My sister says that her deep-seated fear of illness is one of the reasons she chose not to have children. “I’m so paranoid about all of the sicknesses they could get,” she says. I sometimes wonder how her hypochondria developed and if either of our parents’ anxiety impacted her lifelong preoccupation with illness.
“I know our mother’s and grandmother’s obsessions with food going bad, or as they called it ‘spoilage,’ haunts me to this day,” she says. “They made me feel like food wasn’t safe, and if food wasn’t safe, how could anything be safe? I still throw out perfectly good food because of it. I hate buffets to this day because Mom said they breed germs. I feel like sickness is lurking there and if I eat anything I could be in the hospital by midnight.”
Recent statistics estimate that between 1 and 5 percent of Americans experience Illness Anxiety Disorder, but hard numbers on childhood hypochondria are especially difficult to identify since it’s the caregivers who are ultimately making the decision to seek medical treatment. When caregivers are in charge of triage, it’s their own level of health sensitivity that matters most.
Parenting blogger and lifelong, self-proclaimed hypochondriac Kathleen Dennehy is convinced her four-year-old’s health anxiety is a direct result of her own illness obsession. Dennehy was convinced she had polio at an early age and regularly fantasized about how she’d cope with her imminent paralysis. Now, her daughter drags herself around by her arms at bedtime exclaiming, “My legs just don’t work!” A recent cut on her finger resulted in the proclamation, “I need a whole new arm now! I need medicine!”
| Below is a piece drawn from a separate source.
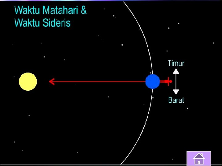 WAKTU SETEMPAT DAN WAKTU UMUM n n n Waktu adalah sistem pariodik lamanya pergerakan bumi terhadap acuan matahari atau bintang aries yang dianggap tetap. Waktu dengan acuan bintang Aries dinamakan waktu bintang atau sideris waktu yang mengacu pada matahari dinamakan waktu surya atau waktu matahari. Satu periode putar bumi sekeliling sumbunya terhadap acuan bintang Aries ditetapkan 1 hari bintang 1 hari surya ditetapkan lamanya satu periode putar bumi sekeliling sumbunya terhadap acuan matahari.

While there’s hard scientific evidence that anxiety can be passed on both genetically and through children mimicking their parents’ behaviors, Dennehy says her own mother was the opposite of a hypochondriac.
“My mom was a sickness denier. Her mom was a nurse and always sick or fearing sickness. My mom grew up always being dragged to doctors, so when we were growing up, she dragged us to school no matter what, even with pneumonia and appendicitis. We only went to hospitals and doctors when we fainted or began hemorrhaging. So I think my hypochondria was also a reaction to my mom’s seeming indifference to our real or imagined medical needs,” she says.
Many people told me that my own lack of health anxiety would go out the window when I had a baby of my own. While I admittedly spent the first week of my son’s life staring at him with arms outstretched like a spotter ready to flick away any germ or speck of dust or errant asteroid, that quickly faded. We eat off the floor together now. I let the dog wash his face. I tried to stop him from putting my iPhone in his mouth for a while because it’s both absolutely filthy and emits radiofrequency waves. Then I realized letting him suck on it kept him fully entertained long enough to afford me the essential two minutes of daily mom time that it takes me to brush my hair and put on clean underwear and I just let him do it.
I do have lifelong anxiety of my own, though, and have seen extensive evidence that I’ve inherited symptoms of my father’s combat PTSD. So if the theory that any anxiety disorder can lead to childhood hypochondria holds true, my son could be diagnosing himself with bubonic plague before he hits preschool.